UNITED STATES of America, Plaintiff, Charles E. Brundage, Bradford F. Story, Samuel C. Williams, Jr., Warren Clark, constituting the Northern Pacific Stockholders' Protective Committee, Board of Railroad Commissioners of the State of Montana, State of Washington, City of Auburn, Public Service Commission of the State of Minnesota, Livingston Anti-Merger Committee, Intervenor-Plaintiffs,
v.
UNITED STATES of America and Interstate Commerce Commission, Defendants, Great Northern Railway Company, Northern Pacific Railway Company, Chicago, Burlington & Quincy Railroad Company, Spokane, Portland and Seattle Railway Company, Pacific Coast Railroad Company, Great Northern Pacific & Burlington Lines, Inc., Chicago, Milwaukee, St.
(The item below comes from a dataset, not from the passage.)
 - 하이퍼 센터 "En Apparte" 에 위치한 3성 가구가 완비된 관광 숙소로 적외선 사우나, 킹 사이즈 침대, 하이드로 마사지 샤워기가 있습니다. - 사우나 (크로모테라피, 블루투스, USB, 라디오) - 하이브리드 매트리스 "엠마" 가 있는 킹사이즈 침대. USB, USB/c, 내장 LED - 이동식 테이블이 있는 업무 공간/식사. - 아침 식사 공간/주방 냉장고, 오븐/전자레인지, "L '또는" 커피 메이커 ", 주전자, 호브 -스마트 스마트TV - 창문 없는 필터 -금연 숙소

Paul & Pacific Railroad Company, 230 Pacific Northwest Shippers, Public Utility Commissioners of Oregon, Intervenor-Defendants



The opinion of the court was delivered by: FAHY

This suit arose on complaint of the United States, acting through the Department of Justice, to enjoin and set aside orders of the Interstate Commerce Commission of November 30, 1967, April 11, 1968, and June 17, 1968. *fn1" The first of these orders approved, with conditions, applications of the railroad companies hereinafter named to merge and to complete related transactions. The approval followed reconsideration of the "Report of the Commission" (First Report) of March 31, 1966, which had denied the merger applications as not consistent with the public interest. *fn2" The April 11, 1968 order denied petitions for reconsideration of the order of November 30, 1967, except in relatively minor respects which modified the Commission's retention of jurisdiction and certain of the Commission's protective conditions. The order of April 11, 1968 is not now independently contested.
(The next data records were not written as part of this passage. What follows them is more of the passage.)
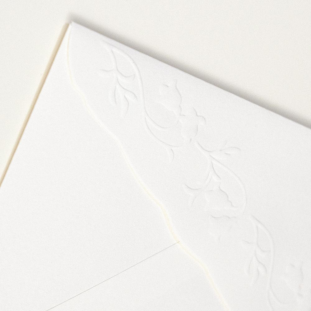 エレガントな花模様のエンボス加工の縁取りが、美しさを演出する最高級封筒です。
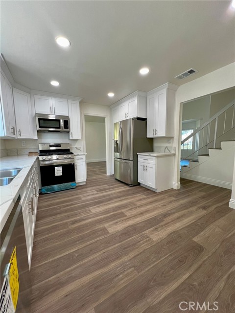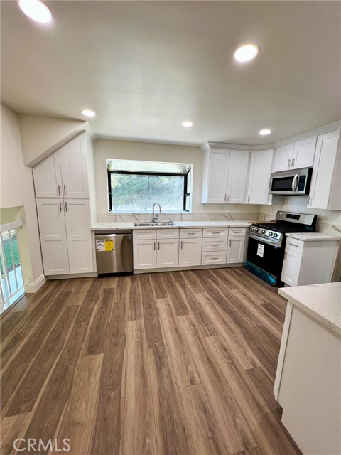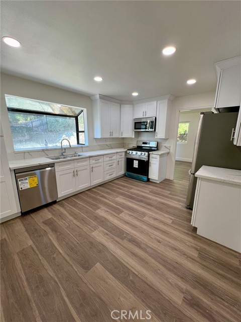 Welcome to this charming 3-bedroom, 2.5-bath tri-level home in Phillips Ranch, a master-planned community designed to harmoniously blend with nature. Built in 1981, this residence has undergone a complete remodel, ensuring a modern and comfortable living experience. As you enter, you'll be greeted by the vaulted ceilings and an abundance of natural light that fills the space, creating a warm and inviting atmosphere. The living and family rooms provide versatile spaces for relaxation and entertainment, and a convenient wet bar in the living room for those who enjoy hosting gatherings. The heart of this home is the brand-new kitchen, fully equipped with modern appliances, including a refrigerator, stove, and microwave. Enjoy the cozy ambiance of not one but two fireplaces, located in both the living room and the master bedroom. This residence is perfect for families or newlyweds, offering three spacious bedrooms and ample room for everyone to thrive. The newly installed dual-pane windows, flooring, lighting fixtures, and fresh interior and exterior paint contribute to the home's updated and polished appearance. Situated centrally in Phillips Ranch, this property provides easy access to the 71 Police Officer Daniel T. Fraembs Memorial Hwy and is conveniently located near the 60, 10, and 57 freeways, making any commute or travel a breeze. The neighborhood's history, rooted in the land once owned by the richest man in Los Angeles County, adds a unique and rich context to your living experience. Embrace the charm and convenience of Phillips Ranch, where everything you could possibly need is within reach. Make this beautifully remodeled home your sanctuary, combining modern amenities with a connection to nature and a rich history.
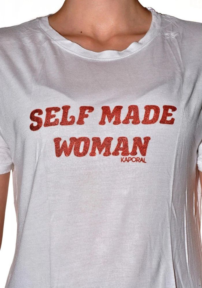 tshirt taille M blanc uni motif texte self made woman kaporal en rouge  coupe classique - photo numéro 1

 The Interstate Commerce Commission answered the complaint, opposing the relief sought by the Department of Justice. Other parties, as set forth in the margin, *fn3" have intervened, some as plaintiffs, some as defendants, the latter including the applicant railroad companies.

 After preliminary proceedings resulting in a stay of the orders pending either decision on the merits or further order of the court the case was submitted to this three-judge District Court designated in accordance with 28 U.S.C. §§ 2325, 2284 for decision on the record before the Commission, the pleadings, briefs, memoranda and oral arguments.

 We sustain the Commission's approval of the merger and related transactions. The history and nature of the case lead to an opinion which explains our reasons at some length. We review the elaborate decision of the Commission. We conclude that in giving its approval the Commission was guided by the applicable legal principles and made findings, supported by substantial evidence, requisite to the validity of its action. We recognize that some of those findings are necessarily conclusional. These we hold to be reasonable. A number of conditions are attached by the Commission to its approval. These in our view are just and reasonable, as well as reassuring.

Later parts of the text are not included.